Australia Pacific Airports Corporation Limited
- Company type: Private
- Industry: Airports
- Founded: 1995
- Headquarters: Melbourne Airport, Victoria, Australia
- Area served: Australia
- Key people: Peter Hay, Chairman Lorie Argus, CEO
- Revenue: A$1.04 billion (2018–19)
- Net income: A$ 390 million (2018–19)
- Divisions: Australia Pacific Airports (Melbourne) Pty Ltd Australia Pacific Airports (Launceston) Pty Ltd
- Website: melbourneairport.com.au/corporate

= Australia Pacific Airports Corporation =

Australian airport management company

Australia Pacific Airports Corporation Limited (APAC) is an unlisted company and owner of two Australian airports: Melbourne Airport and Launceston Airport. Each airport is operated by an airport lessee company, in which APAC has a controlling interest: Australia Pacific Airports (Melbourne) Pty Ltd and Australia Pacific Airports (Launceston) Pty Ltd respectively.

APAC acquired the lease for Melbourne Airport for $1.307 billion on 2 July 1997, and a 90% stake in Launceston Airport for $18.8 million on 29 May 1998. Launceston City Council owns the remaining 10% of Launceston Airport.
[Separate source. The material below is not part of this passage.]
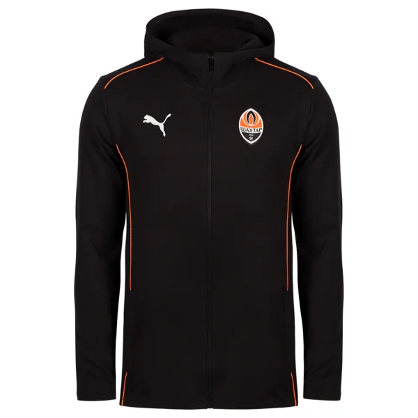 Класична олімпійка з логотипом клубу й каптуром ніколи не вийде з моди! Модель з офіційної колекції повсякденного одягу FCSD Casual в оранжево-чорних кольорах – вибір персоналу та тренерів ФК «Шахтар».

Each airport is under a fifty year long-term lease from the Australian Government, with options for a further forty-nine years.

The company is majority Australian owned by five Australian fund managers:

- Dexus (27.32%)
- Industry Funds Management (IFM Investors) (25.17%)
- SAS Trustee Corporation (Managed by NSW Treasury Corporation)(18.47%)
- Future Fund (20.34%)
- Utilities of Australia (Managed by HRL Morrison & Co) (8.70%)

The chief executive officer is Lorie Argus.